Soon, Chainalysis started taking part in many of the high-profile investigations into blockchain-based fraud. It assisted US law enforcement in recovering more than $1 billion in monies linked to Silk Road, a well-known dark web market, and in tracking money that the North Korean hacking outfit Lazarus had stolen and laundered. The owner of Welcome to Video, the largest website in the world for content about child sexual assault, was made public in 2019 thanks to this. In a survey released earlier this year, Chainalysis claimed that although illicit cryptocurrency turnover hit a record-high of $14 billion in 2021, it only made up 0.15% of all crypto transactions.
With offices now established in Australia, Japan, Singapore, and South Korea, the Asia-Pacific area is where chainalysis is expanding the fastest. According to Gronager, the company’s continual growth—it currently has 850 employees—helps maintain its dominance because the more data it gathers, the better its products are, making it more difficult for competitors to catch up.
According to Gronager and his coworkers, they are fighting the good fight and that the business would gain credibility and expand if illicit usage of cryptocurrency were to be curbed. Not every crypto enthusiast concurs. According to Josh Olszewicz, head of research at Nashville-based Valkyrie Investments, some people “believe Chainalysis is the devil.” Some individuals “believe they are a necessary service.” He claims to view the business as a “net good” for cryptocurrencies.
Ver undoubtedly belongs to the first group.
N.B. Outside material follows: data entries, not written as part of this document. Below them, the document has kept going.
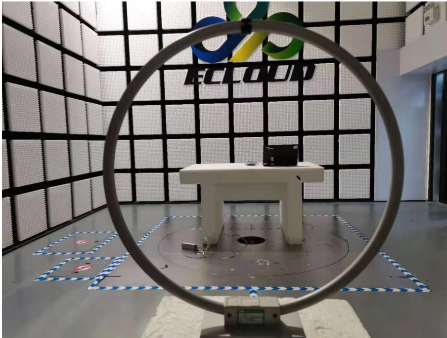
Fig. 1 Radiated emission setup photo(Below 30MHz)
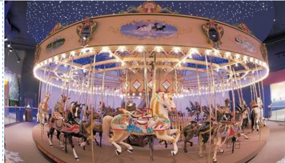
Carousel Wishes and Dreams
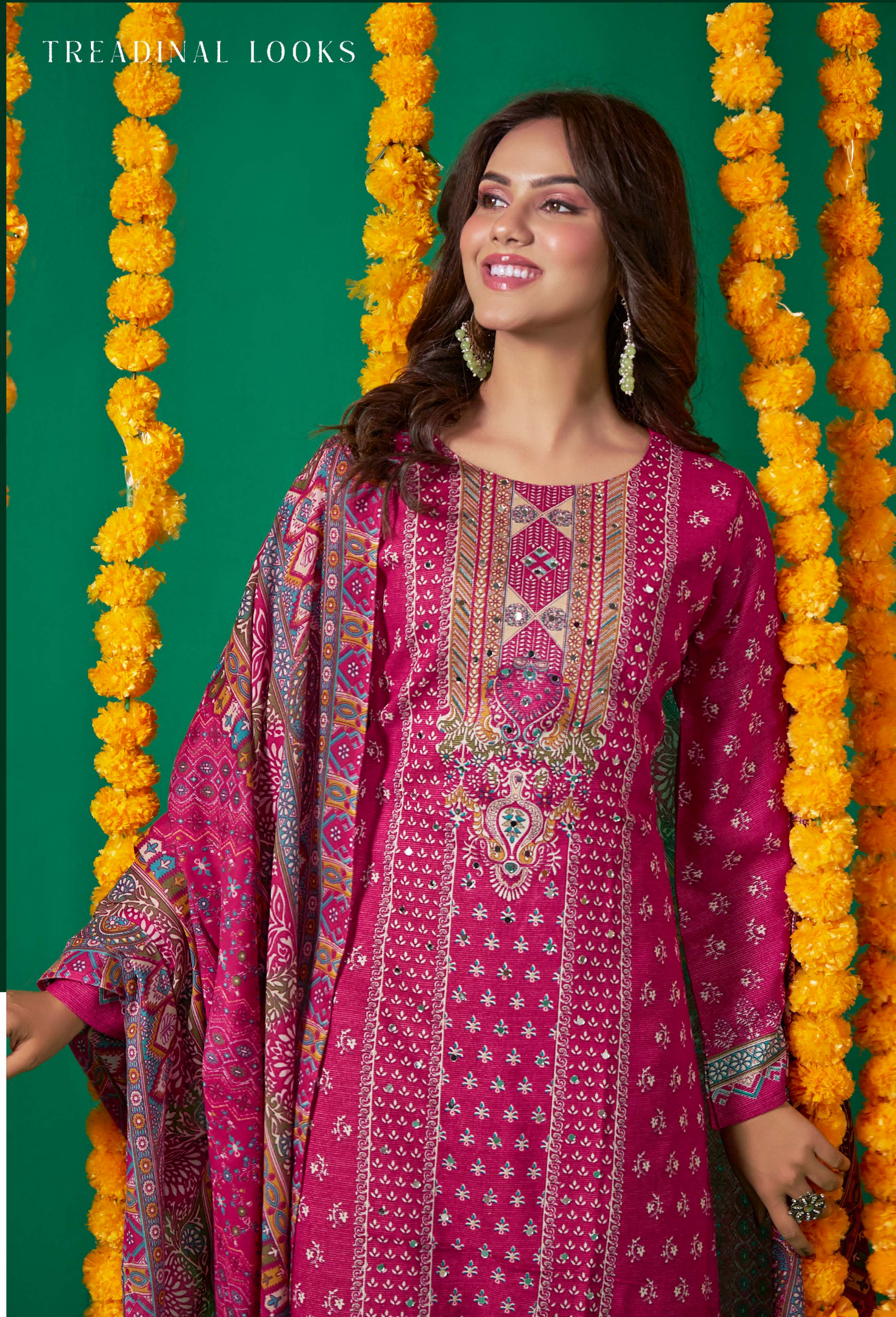
611-004 "What you wear is how you present yourself to the world, especially today, when human contacts are so quick. Fashion is instant language."
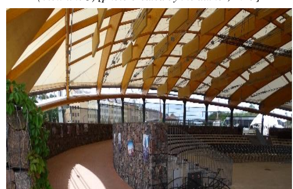
Fig. 12. A view from the Open-air concert hall "Mītava" indoor of the urban landscape (View point K ) [photo created by the author, 2019]
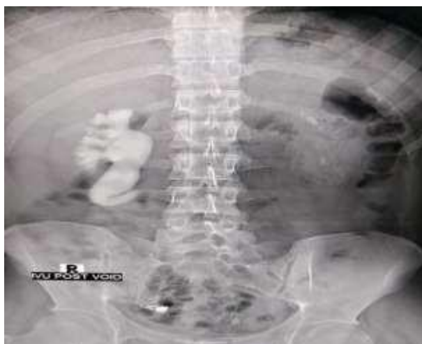
Figure 3: Intravenous urogram (IVU) showing Fish-hook shaped deformity

Intravenous urogram (IVU) was also done to confirm dilated ureter was coursing behind IVC, showing a Fish-hook sign.
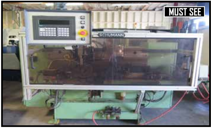
Heinrich Schumann, Lubeck Type 4010 CNC Coil Winder s/n 4010-037w/ Siemens Controls
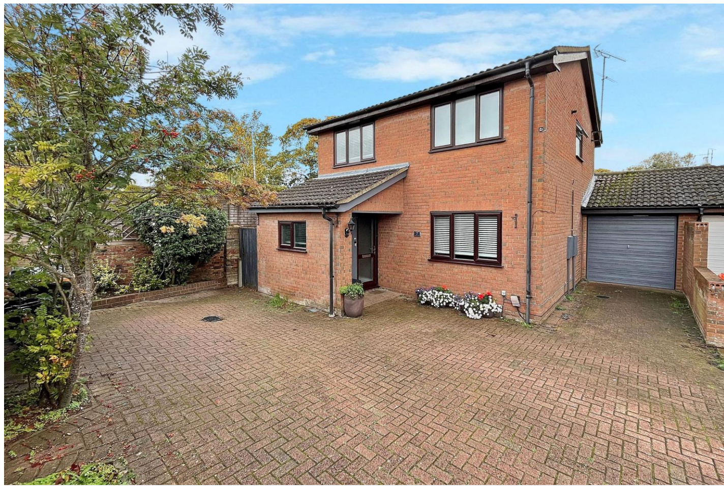
Mander Close, Flitwick, Bedfordshire, LU5 6AX
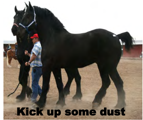
Kick up some dust

Hello everyone! It has been a minute since our last newsletter. We have been quite busy here at the museum with the annual Bird Dog Foundation Art Contest for area students in kindergarten through the 12th grade, the annual Bird Dog Foundation Senior Essay Contest, which awards scholarships to graduating seniors heading off to college, and also several events including the AFTCA Region 6 and Mid-South Association Meeting & Awards Banquet and the NBHA Annual Awards Banquet. For more information on any of these events, just check out the pictures in this newsletter.
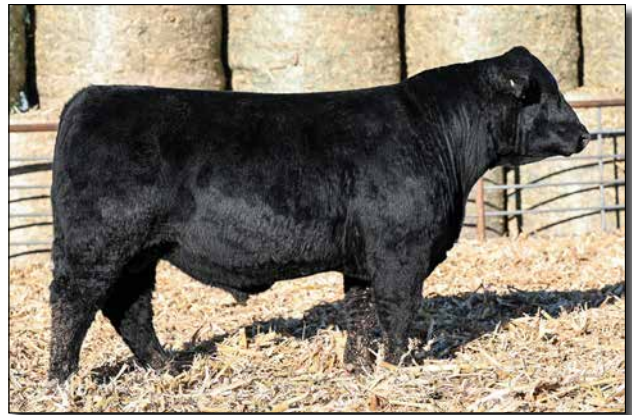
L126 Sells as Lot 10.

All black and a beef deluxe. Muscle and meat for days.
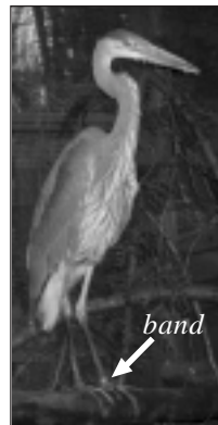
Banded Great Blue Heron

essary data (ie. proper ID, age, sex, and measurements). The application of the band to a bird denotes the end of its stay at the care centre, but more importantly marks a new beginning - a second chance at life in the wild. I usually take a moment to reflect on the countless hours of hard work put in by volunteers and staff to get the animal to this stage, wish it the best of luck, and bid my final farewell.
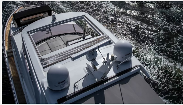
68_ Sunseeker (35)

He says, “George Orwell would be pleased. The National Security Agency, or NSA, “might argue they are building trust in the internet because they are snooping on everyone,” said the author.
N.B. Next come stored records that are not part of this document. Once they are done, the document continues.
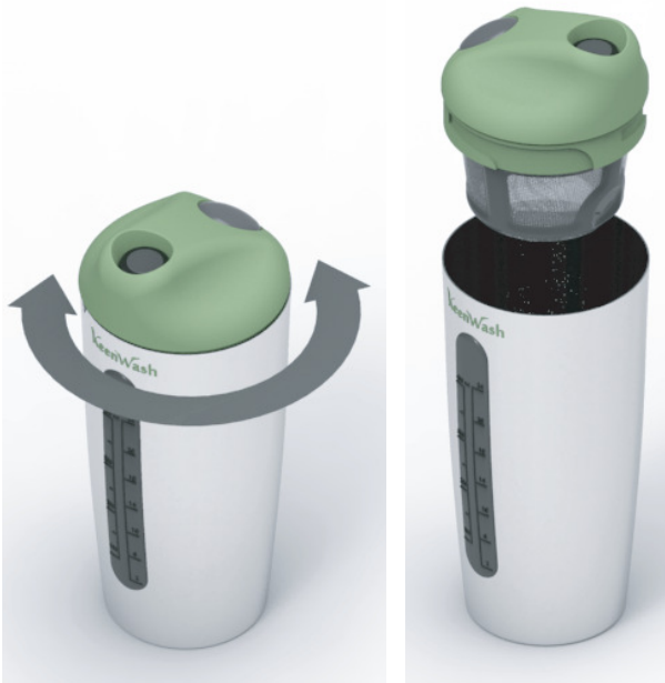
Household product for rinsing and cleaning quinoa
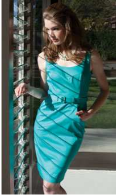
TOBIAS BELTED SHEATH DRESS WITH POCKETS $110 SIZES 2-14

Thumbnails from Plum's Spring 2010 Media Kit. Contact Katie O'Brien 604-808-1331 kate@plum.ca for high resolution images.
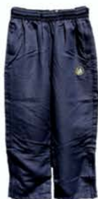
College sports track pants
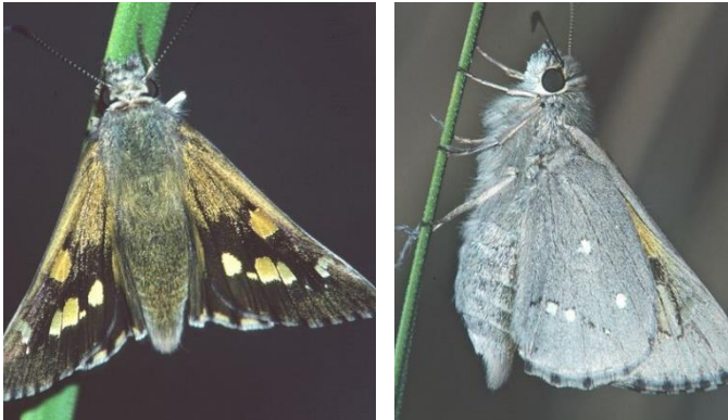
Sedge skipper butterflies
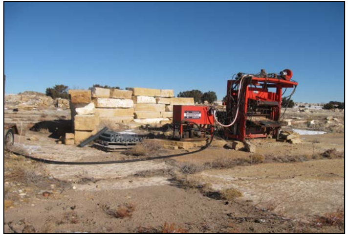
2. Processing area.
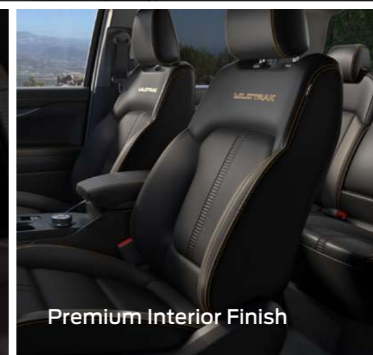
Premium Interior Finish
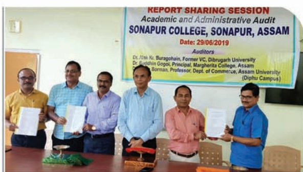
Report sharing of Academic & Administrative Audit
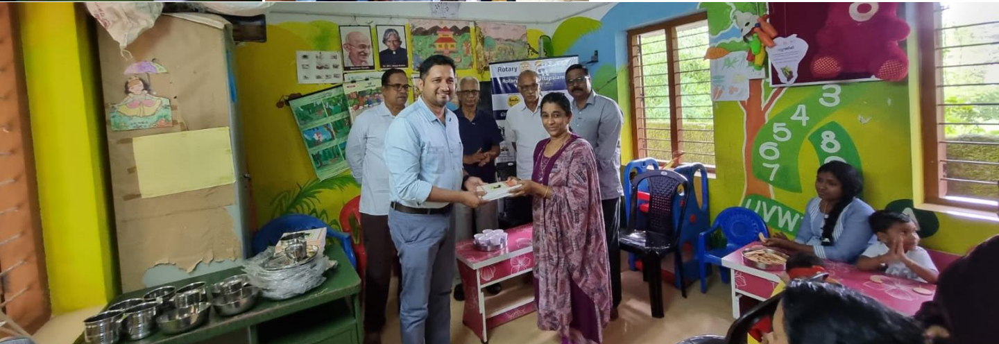
15-9-2023 Steel utensils and books donated to Anaganawadi at Vayyatukulam
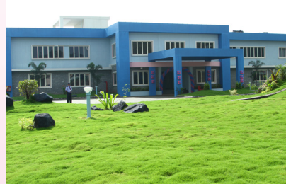
Irapuram Facility, Cochin
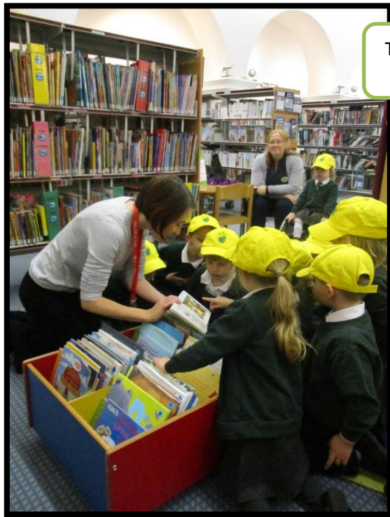
This school helps me improve my work because I use my learning behaviours.
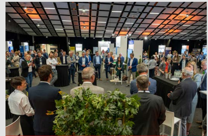
2022 – De Montil Affligem (21 April)
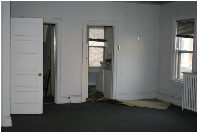
Second Floor Apartment

Such critique is disregarded by Gronager as “echoes of the anarchists from the early days.” He does, however, recognize the strength of Chainalysis’ software and claims that the corporation is careful about who governments it collaborates with. Although it has private-sector clients in Hong Kong, it does not conduct business with countries that have been sanctioned, such as Iran or Russia, and it does not cooperate with China. According to Gronager, it has an ethics committee that weighs in on cases it deems to be more complicated and occasionally consults with “US partners” in the public sector before determining which clients to accept.
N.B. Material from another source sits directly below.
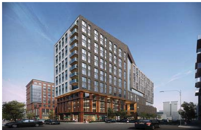
345 Harrison Street - Boston, MA
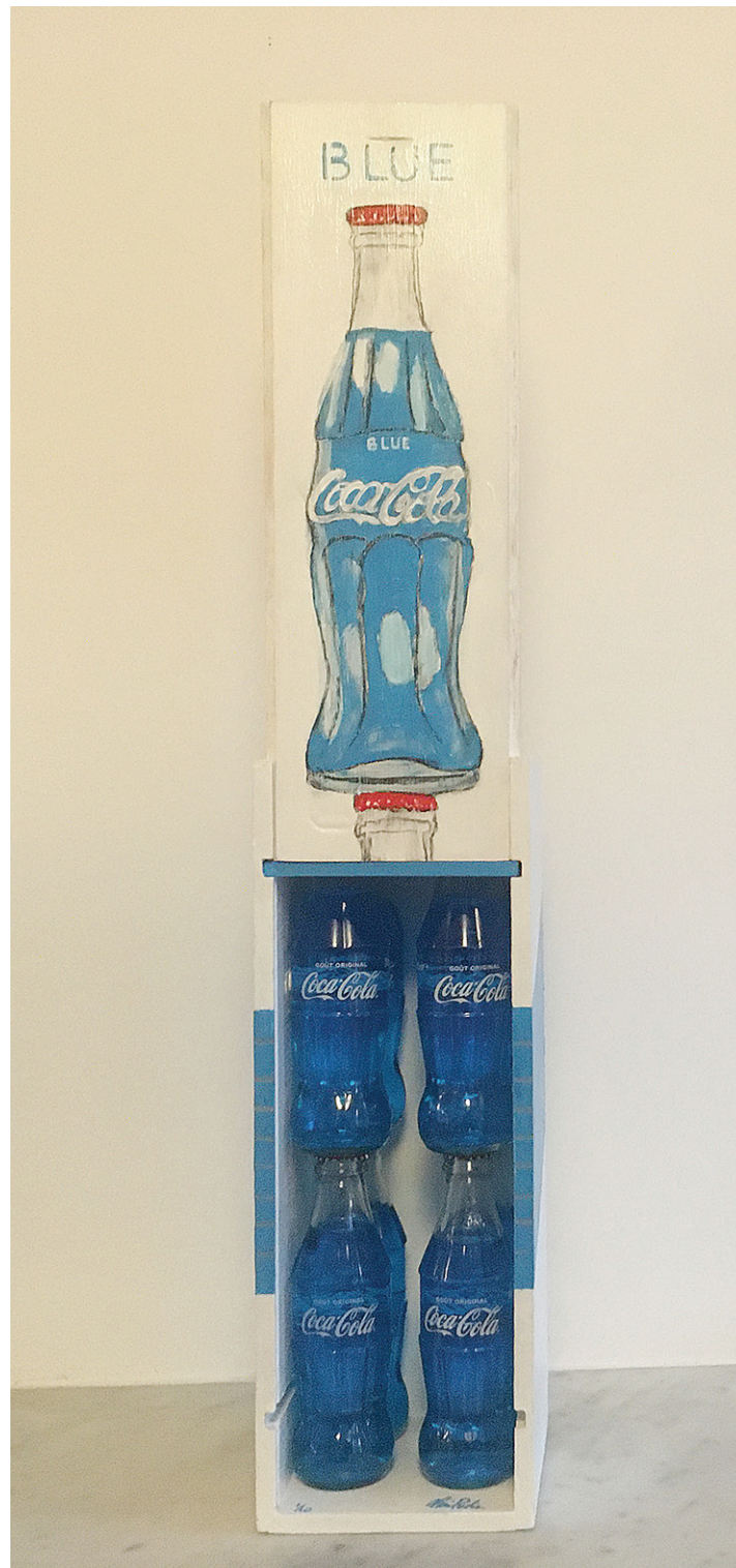
COCA-COLA BLUE OCTO BOX. 2020

Wood painted box with 8 ( octo) glass bottles of coca-cola Blue. Family pack

People have a right to financial privacy, but technology shouldn’t be “warrant-proof,” according to FBI veteran Grigg of Chainalysis. However, others in the cryptocurrency community place a larger importance on designing networks with untraceable transactions. A team of programmers unveiled Monero, a cryptocurrency designed expressly to safeguard users’ privacy, in 2014. Monero seeks to be digital money, if Bitcoin and Ether are the cryptocurrency equivalent of publishing your credit card bill online.
Unsurprisingly, Monero is now frequently utilized for illegal purposes, including extortion and darknet markets. Two businesses were given contracts by the Internal Revenue Service in 2020 to develop a tool for breaking the Lightning Network and Monero, two crypto payment protocols, for up to $625,000 apiece. One of the winners was Chainalysis.
The business declined to comment on its level of success. Gronager, on the other hand, is less cautious. He claims that privacy coins are “not as anonymous as people imagine.” “Whatever you do, a pattern is left behind.”